Note: But before we use evaluation catalog, we need to link gridded region with observed catalog. Since we have two different grids here, so we do it separately for both grids.
#For Multi-resolution grid, linking region to catalog.
catalog.region = forecast_multi_grid.region
spatial_test_multi_res_result = poisson.spatial_test(forecast_multi_grid, catalog)
number_test_multi_res_result = poisson.number_test(forecast_multi_grid, catalog)
#For Single-resolution grid, linking region to catalog.

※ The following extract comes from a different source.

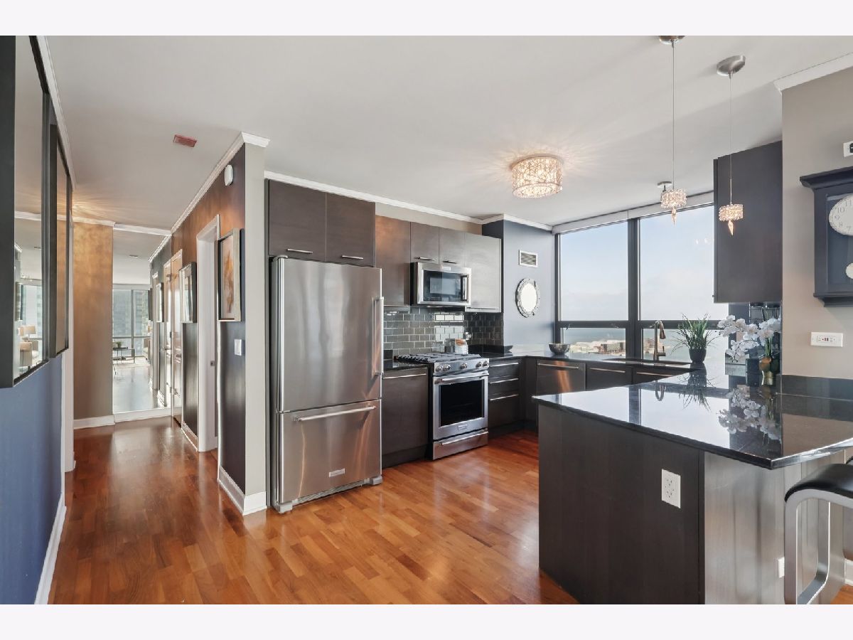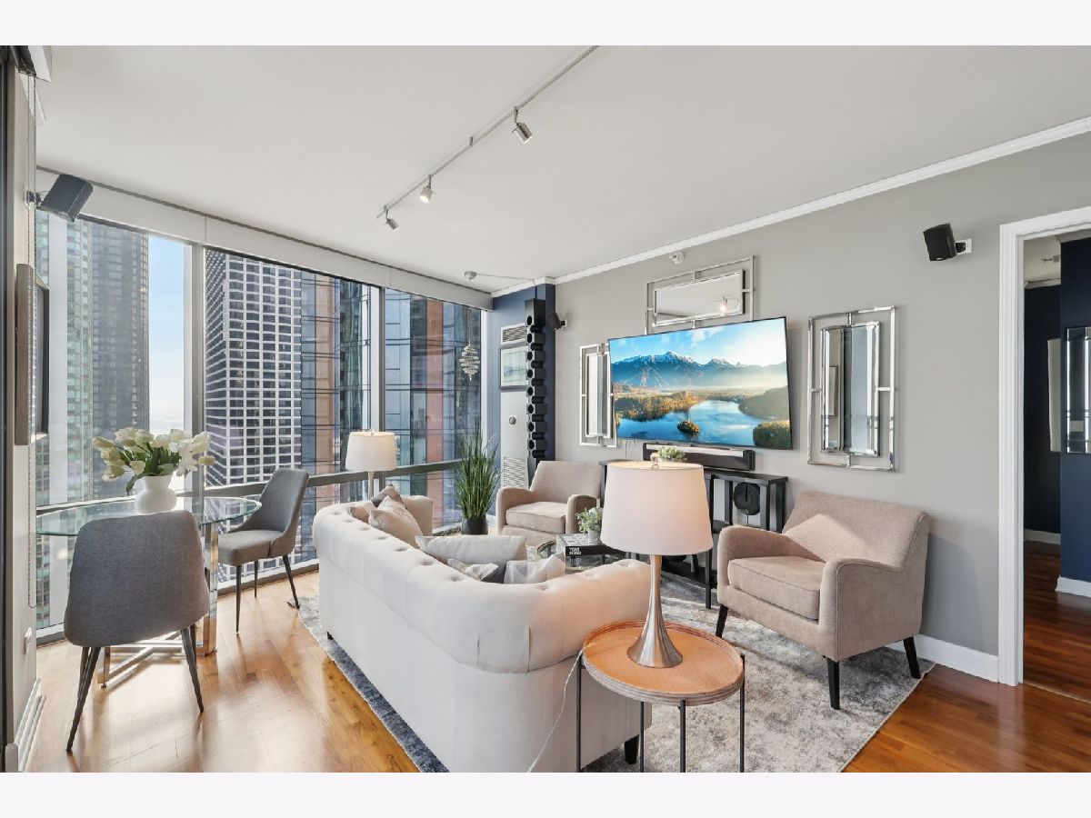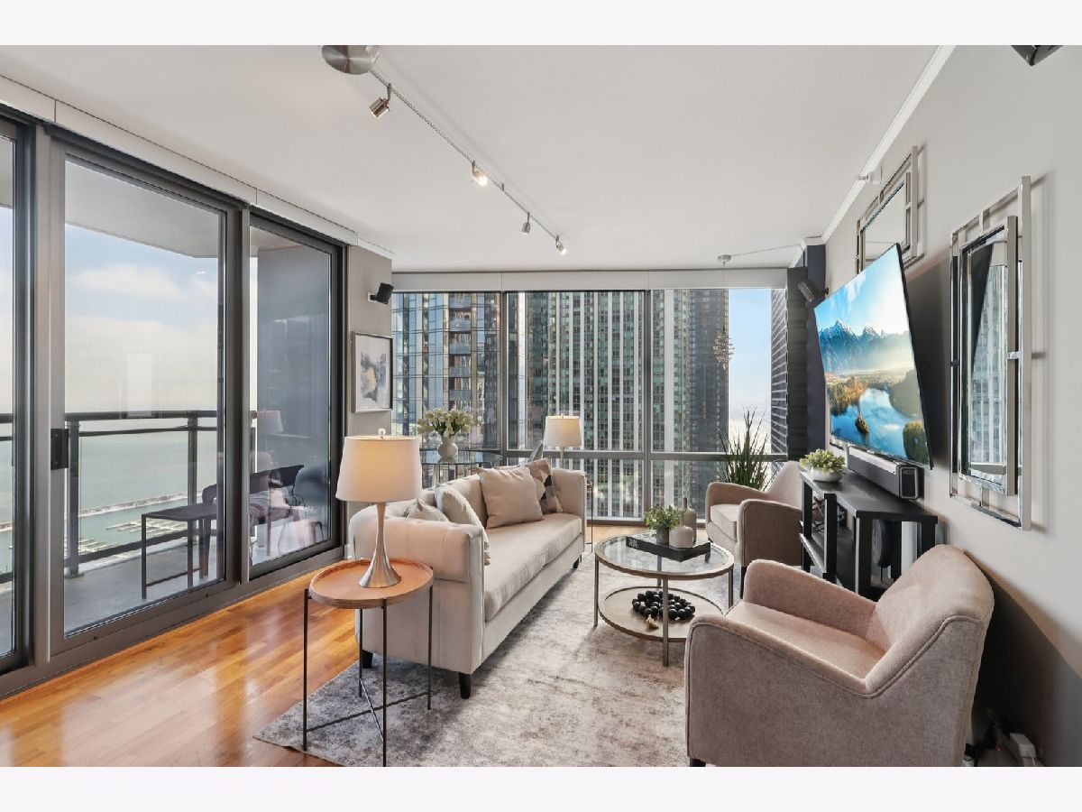 VACANT and staged to showcase its flow, scale and finishes. A deeded parking space (#419) with wall mounted bike rack INCLUDED IN THE PRICE! and a same level storage unit adds convenience. Click the 3D button for an immersive virtual tour and explore every detail up close. This Lakeshore East southeast corner residence delivers iconic views of Lake Michigan, Navy Pier and the Chicago River from the 21st floor. The 2 bed, 2 bath layout is elevated with Snaidero cabinetry, new KitchenAid appliances, Carrera marble vanities, rich hardwood floors, a tiled laundry room with oversized LG washer and dryer, Swarovski crystal lighting, Nest smart thermostat, surround sound wiring, California Closets and custom window treatments. The home offers a seamless blend of comfort and sophistication. Building amenities rival luxury resorts with a 24-hour door staff, rooftop indoor pool, outdoor hot tub, two sundecks, a state of the art fitness center with Peloton bikes, theater room, billiards and game lounge, business suites, conference room, library and multiple lounge spaces. Set in an award-winning neighborhood steps from the lakefront, Mariano's, Millennium Park and the heart of downtown, this is refined urban living. HOA of $767 covers heat, AC, water, gas, parking, common insurance, doorman, TV/cable, fitness center, pool, exterior maintenance, scavenger, snow removal, and internet. Building reserves total $3.1M.

catalog.region = forecast_single_grid.region
spatial_test_single_res_result = poisson.spatial_test(forecast_single_grid, catalog)
number_test_single_res_result = poisson.number_test(forecast_single_grid, catalog)
Plot spatial test results
We provide the function csep.utils.plotting.plot_poisson_consistency_test()
to visualize the evaluation results from
consistency tests.
stest_result = [spatial_test_single_res_result, spatial_test_multi_res_result]
ax_spatial = plots.plot_poisson_consistency_test(stest_result,
plot_args={'xlabel': 'Spatial likelihood'})
ntest_result = [number_test_single_res_result, number_test_multi_res_result]
ax_number = plots.plot_poisson_consistency_test(ntest_result,
plot_args={'xlabel': 'Number of Earthquakes'})
Total running time of the script: (0 minutes 1.824 seconds)